The input was a light pulse of constant amplitude for 1 µs (red), and 20
µs (brown). The amplitude corresponds roughly to what would be measured
with the CALIOP instrument on-orbit from an optically dense water cloud. Note
that the duration and amplitude similar to the 20 µs pulse would never be
measured on-orbit from a real atmospheric features due to signal attenuation
through the feature. For ideal detector response the signal should return to
the baseline value (~3x10-5) at time = 0. |
 |
Figure 3: A comparison of the
Langely Airborne HSRL and
CALIPSO coincident measurements of a water cloud from 6/14/2006. Time from the
coincidence is approximately 30 minutes. The recovery artifact is the decaying
portion of lidar signal that extends from ~3100 m to ~1000m. When comparing
these data, keep in mind that the water cloud top has changed between the
observation times.
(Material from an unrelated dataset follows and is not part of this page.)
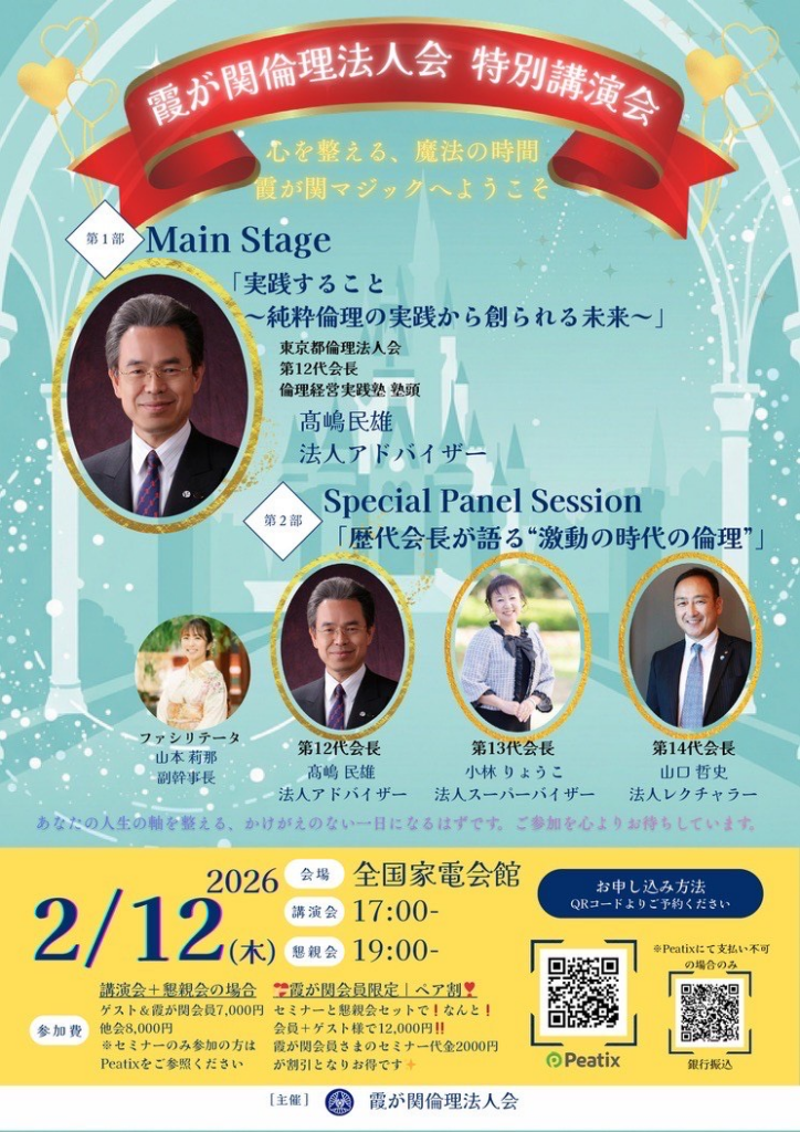 | 詳細 | ○テーマ第一部「実践すること 〜純粋倫理の実践から創られる未来〜」、第二部「歴代会長が語る“激動の時代の倫理”」○登壇者 髙嶋民雄 法人アドバイザー、小林りょうこ 法人スーパーバイザー、山口哲史 法人レクチャラー |
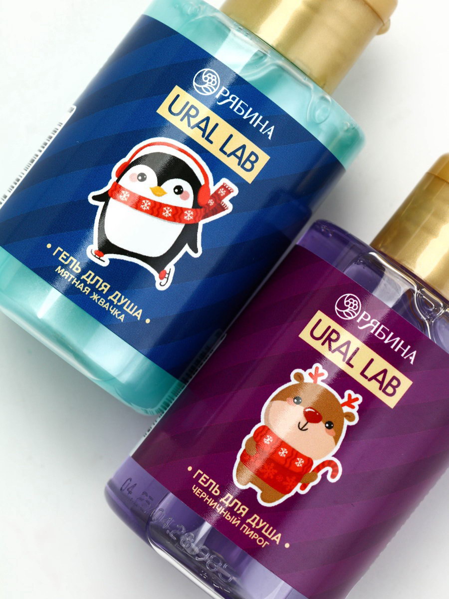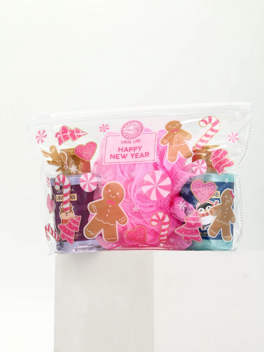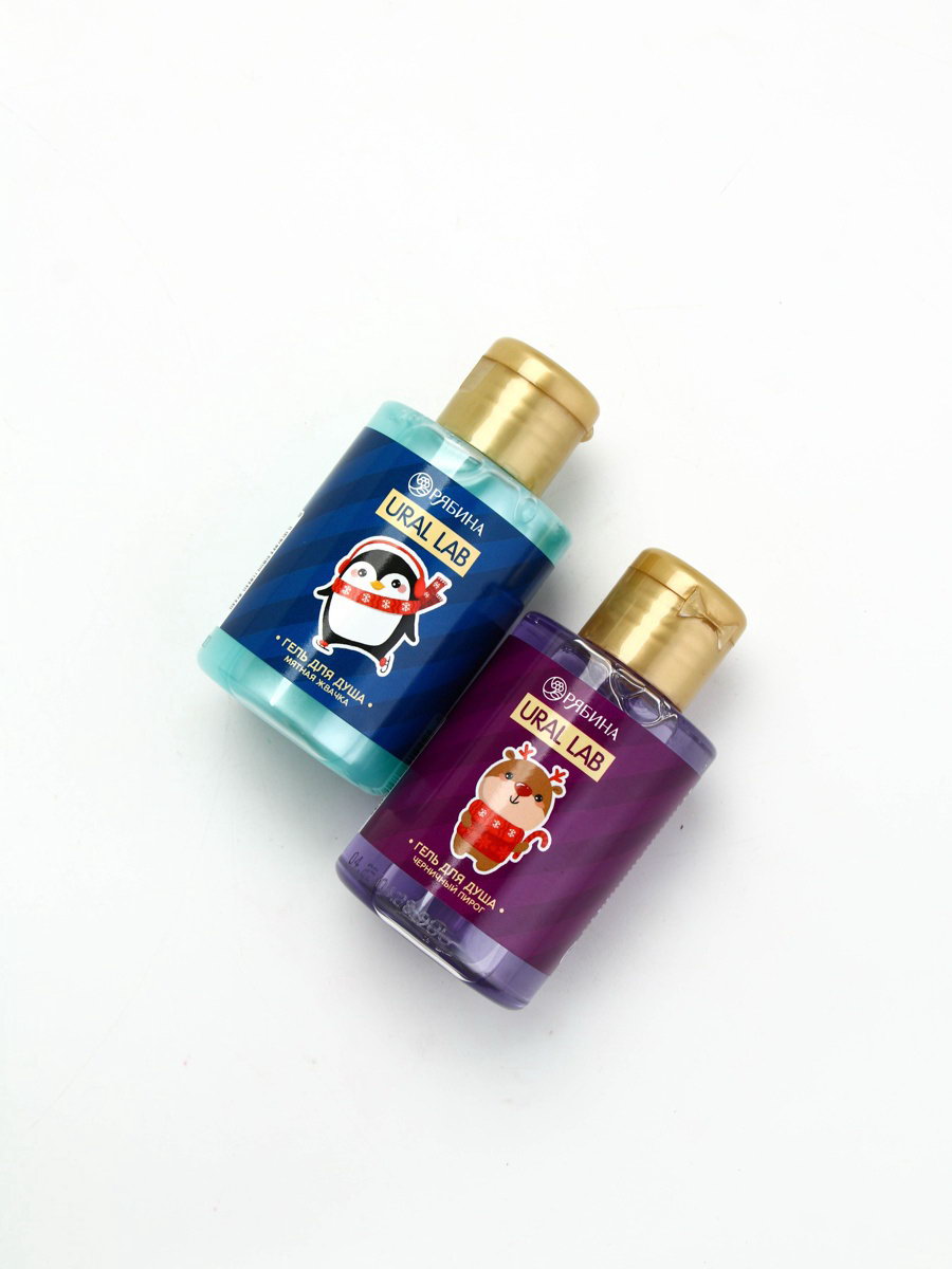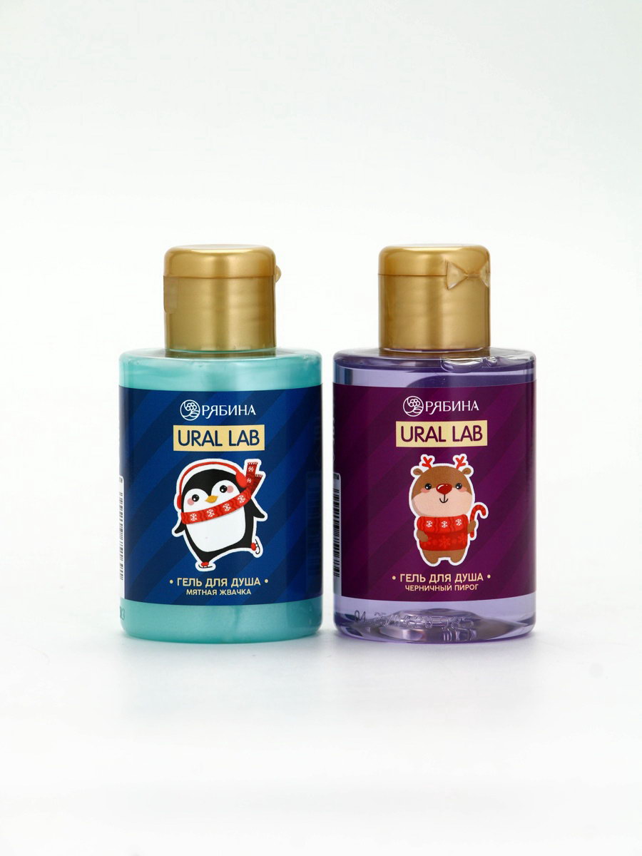 Набор косметики в косметичке, гели для душа, 2 x 100 мл и мочалка для тела, URAL LAB, Россия

Also, the CALIPSO and HSRL viewing geometries are
considerably different, and there is a contribution from multiple scattering in
the CALIPSO observation. |
 |
 |
Figures 4a and 4b: Comparisons of CALIPSO and
CPL for a cirrus cloud
measurement (left) and with the
Langely Airborne HSRL for an
aerosol layer (right). Both these comparisons demonstrate that the non-ideal
transient recovery from weaker scattering layers is negligible. For the
CPL-CALIPSO observations the small differences can be attributed to spatial and
temporal mismatching and differences in the viewing geometry of the two
instruments. Multiple scattering contributes to some of the differences
observed between the CALIPSO and CPL measurements. |
Analysis and correction techniques
Lab data was collected on flight hardware in 2002 to characterize the 532 nm
parallel and perpendicular channel detectors response. The data set consists of
87 different tests using square wave 'clouds' of varying amplitude and duration.
The surface return can also be used to characterize the non-ideal recovery if
the peak signal is not saturating the low-gain digitizer, and the is sufficient
time between the surface and the last range bin.
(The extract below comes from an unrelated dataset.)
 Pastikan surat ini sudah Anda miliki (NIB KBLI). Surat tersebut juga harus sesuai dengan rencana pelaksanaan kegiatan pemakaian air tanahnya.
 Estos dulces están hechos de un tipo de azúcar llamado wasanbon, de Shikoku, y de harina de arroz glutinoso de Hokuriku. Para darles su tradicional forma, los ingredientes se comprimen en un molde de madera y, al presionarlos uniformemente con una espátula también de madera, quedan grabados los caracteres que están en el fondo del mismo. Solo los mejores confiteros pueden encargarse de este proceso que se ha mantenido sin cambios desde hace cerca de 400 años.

Analysis has started on this data set to characterize the non-ideal
transient recovery. So far, the analysis has demonstrated that the non-ideal
recovery behaves like an afterpulse signal. The observed response is a function
of both the signal amplitude and duration.
A Richardson-Lucy
deconvolution algorithm has been applied to the lab data to retrieve the
instrument response function. This was done by assuming that the true signal
was a square wave with the duration as the detector illumination source. The
retrieved response functions from the 532 nm parallel channel detector for
various lighting conditions (different pulse amplitudes and widths) are shown
in figure 5.
 |
Figure 5: Retrieved response function from lab data compared to the surface
return response function measured from a lake at altitude of ~4 km. |
The retrieved response function or a suitable surface return can be used to
remove the non-ideal transient recovery from the lidar Level 1 data using a
Richardson-Lucy type deconvolution algorithm. Care needs to be taken in the
application of such an algorithm because of the non-uniform range binning of
the profile data.
Summary
Further characterization of the non-ideal transient recovery is underway and
techniques are being investigated to remove this artifact from the 532 nm lidar
data.
In the meantime, users of Lidar Level 1B profile data should use extreme
caution when doing investigations of strong backscattering targets, like
optically dense water clouds. Since the non-ideal response of the 532 nm
parallel and perpendicular channels are slightly different, some artifacts in
the calculated depolarization ratio may be observed below strong backscattering
targets.
There is no geophysically meaningful information in the subsurface signal
return. Subsurface can be assumed to be 1 or 2 bins beyond the maximum value
obtained in the surface spike.
Users of Lidar Level 2 layer products can expect that the bases of strong
scattering targets (i.e. optically dense water clouds) will be lower than
expected. In most of these cases however, the observed layer is opaque to the
lidar and the measurement of the true cloud base is not possible.